When we look at the work of Christ on our behalf, we not only see His atonement, which has secured the payment for our sins, we see the ascension of Christ and His ministry at the right hand of the Father as our great High Priest. Here we see in the ministry of Jesus an intercession for those whom the Father has given Him, and a taste of that type of intercession is given to us in the High Priestly Prayer recorded in John 17, where Jesus prays that none whom the Father has given to Him would ever be lost.
Despite the promises of the New Testament, the intercession of Christ on our behalf, and the doctrine of election that point to the certainty of perseverance, we still must take seriously the warnings of apostasy that frequently occur in the New Testament. Paul himself talks about how he has to pummel his body to subdue it, lest he, in the final analysis, becomes a castaway. He speaks of those who have departed from the faith.
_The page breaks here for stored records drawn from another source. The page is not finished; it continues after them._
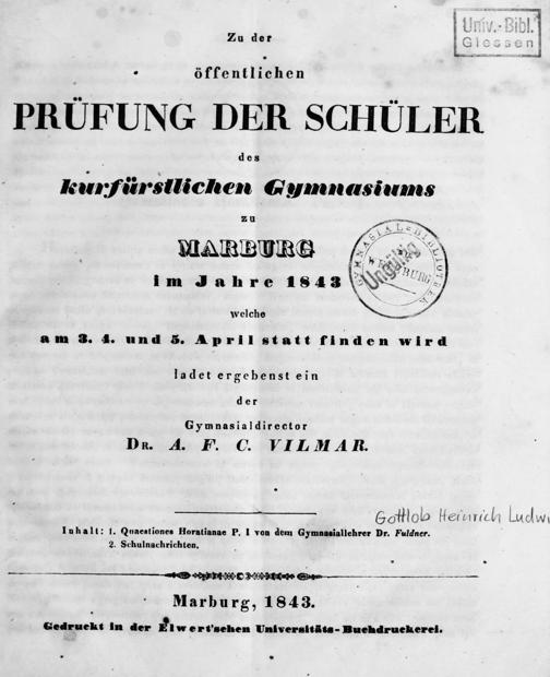 Zu der öffentlichen Prüfung der Schüler des Kurfürstlichen Gymnasiums zu Marburg im Jahre ... ladet ergebenst ein der Gymnasialdirector
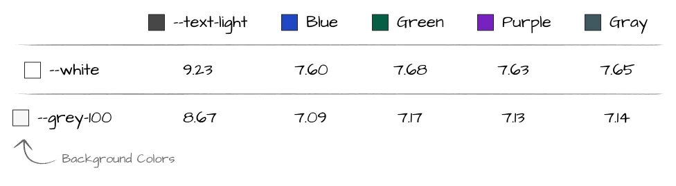 색은 최소한으로 절제하고 싶었어요. 브랜드 컬러는 자주 등장하면 그 임팩트를 잃는다고 생각해요. 그리고 가독성을 살리려면 회색 계열의 계층이 정확히 잡혀 있어야 한다고 생각해요. 이를 위해 모든 색상을 CSS 토큰으로 정의하고, 일관되게 적용될 수 있도록 했어요. 색상 팔레트는 tailwindcss를 참고했어요. 또 색의 대비도 중요해요. 배경색과 텍스트의 대비가 약하면 가독성이 떨어져요. 그래서 브랜드 컬러를 선택할 때 접근성 기준 WCGA Level AA를 만족하는 색상들로만 구성했어요. 물론 텍스트 색상도 대비 값을 고려해서 선택했어요.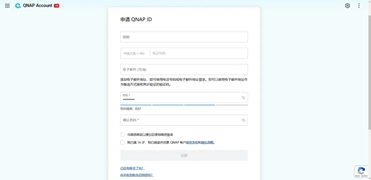 2、点击“申请 QNAP ID”,创建QNAP ID(用自己的邮箱注册,注册完成后会发送激活邮件,需要在自己邮箱内打开邮件激活)
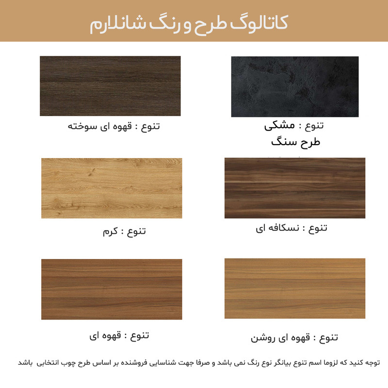 سایر توضیحات : توجه کنید تنوع بر اساس رنگ چوب می باشد و در همه حالت رنگ فلز مشکی مات است. جنس بدنه فراورده های چوب مصنوعی میباشد.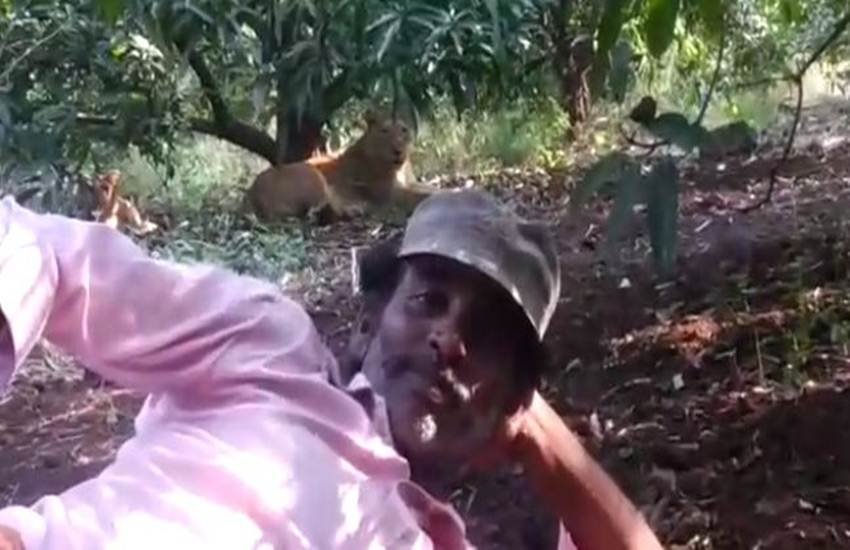 गुजरात के गिर नेशनल पार्क में सनक की हद तब देखने को मिली जब एक शख्स ने शेरनी के साथ अपनी तस्वीरें खिंचवाई। सोशल मीडिया पर वायरल हो रहे एक वीडियो में दिख रहा है कि एक शख्स अपने साथी की मदद से शेरनी के पास लेटकर पोज दे रहा है। इस दौरान वह शख्स निडर होकर मुस्कुरा भी रहा है। उसके ठीक पीछे शेरनी एक आम के पेड़ के नीचे लेटी हुई है। व्यक्ति के इस हरकत पर तमाम तरह की प्रतिक्रियाएं आ रही हैं। जंगली जानवर के मिजाज के साथ छेडछाड़ लोगों को अच्छा नहीं लग रहा। साथ ही वीडियो में नजर आ रहा शख्स अपनी भी जान भी खतरे में डाले हुए दिखाई दे रहा है।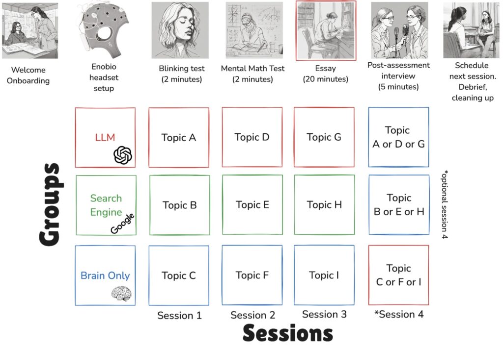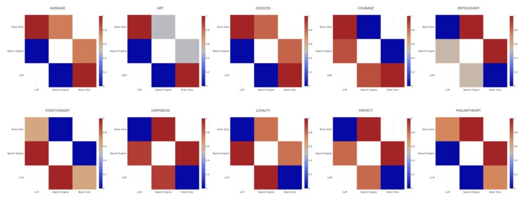 - Neural Disengagement: EEG data showed that participants using LLMs displayed the weakest brain connectivity compared to those using Search Engines or no tools at all, suggesting a significant reduction in cognitive effort.

At the end of Paul’s ministry, in his final letter to Timothy, he decried the departure of Demas, who had forsaken Paul, because Demas, a previous co-worker alongside the apostle, loved this present world. And so the assumption is that Demas, as well as others who started out with a vital profession of faith, ended in the destruction and the abyss of apostasy. How else do we understand the urgent warnings given in the sixth chapter of Hebrews? Here we have to say, without straining the text, that the New Testament, despite these warnings of apostasy, makes it clear that those who commit such acts of full and final apostasy were never really believers in the first place. John writes in his epistle: “Those who went out from us were never really among us” (1 John 2:19).
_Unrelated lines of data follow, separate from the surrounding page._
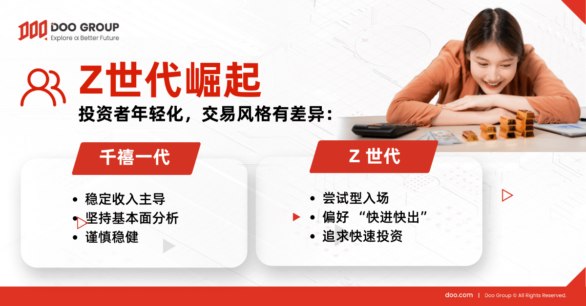 面对宏观环境的波动、投资者结构的年轻化以及日益增长的教育需求,Doo Group 及旗下品牌凭借专业的服务、稳健的金融科技平台以及多元化的资产配置业务,为全球投资者提供全方位支持。Doo Group 旗下涵盖券商业务、财富管理、支付兑换、金融科技等多元业务板块,我们不仅提供丰富的投资产品选择,更注重通过持续的投资者教育,提升用户的金融素养和风险识别能力。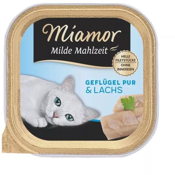 A praktikus 100 g-os tálkákban tálalt, lazaccal tálalt zsenge baromfi még a legválogatósabb dorombolóknak is ízlik. A Miamor Milde Mahlzeit eledel könnyű húsdarabokat, húslevest és zöldségeket tartalmaz, és nem tartalmaz májat, egyéb belsőségeket vagy csontelemeket. Nem adnak hozzá állati maradványokat. Az eledel gyomorkímélő és nagyon könnyen emészthető, csökkentet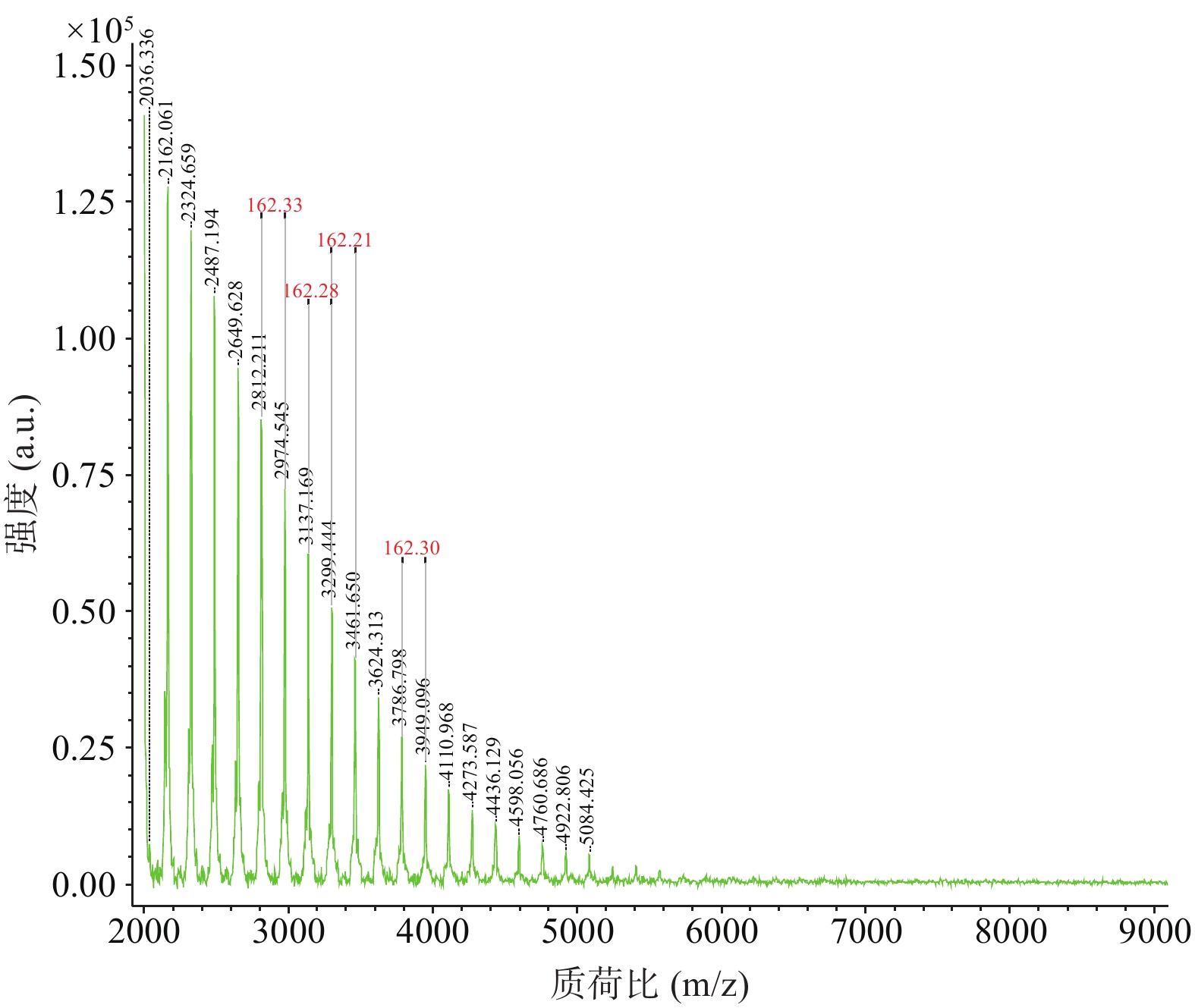 Taraxacum kok-saghyz Rodin root were as follows: Ultrasonic power 230 W, ultrasonic time 34 min, ultrasonic temperature 61 ℃, liquid-solid ratio 30:1 (mL:g), and the extraction rate of inulin was 20.14%±0.19%. The calcium hydroxide-phosphoric acid method, trichloroacetic acid method and Sevage method were used for protein purification, and the results showed that the calcium hydroxide-phosphoric acid method had the best effect, with a protein clearance rate of 90.78% and an inulin loss rate of 26.44%. Inulin with a purity of 80.8% was obtained after protein purification, decolorization, alcohol precipitation and vacuum freeze drying, was a white solid powder. The obtained inulin was characterized and analyzed by MALDI-TOF MS, which determined that the molecular weight of the monomer was 162, the molecular weight of the end group was 179, and the degree of polymerization can be detected in the range of 2 to 30. This study provides a theoretical basis for the comprehensive utilization of

We read in chapter 6 of Hebrews, at the end of the most chilling warning against apostasy: “But we are persuaded of better things from you, things that accompany salvation” (v. 9b). People within the visible church, as was the case in Old Testament Israel, certainly do fall away from the profession of faith that they have made and end in destruction. The same is true in the New Testament community. People can join themselves to the visible church, profess faith in Christ but under duress fall away — in some cases fully and finally. We must conclude from the teaching of Scripture that such cases of apostasy are wrought by people who made a profession of faith, and whose profession was not authentic.
Finally, our basis for confidence in perseverance is really not so much in our ability to persevere as it is in God’s power and grace to preserve us. If we were left to ourselves, in our human weakness, not only could we fall away, we most certainly would fall away. However, the reason we do not fall away, the reason we do endure to the end is because of the grace of our heavenly Father, who by grace called us in the first place. He sustains us by preserving us, even unto our glorification.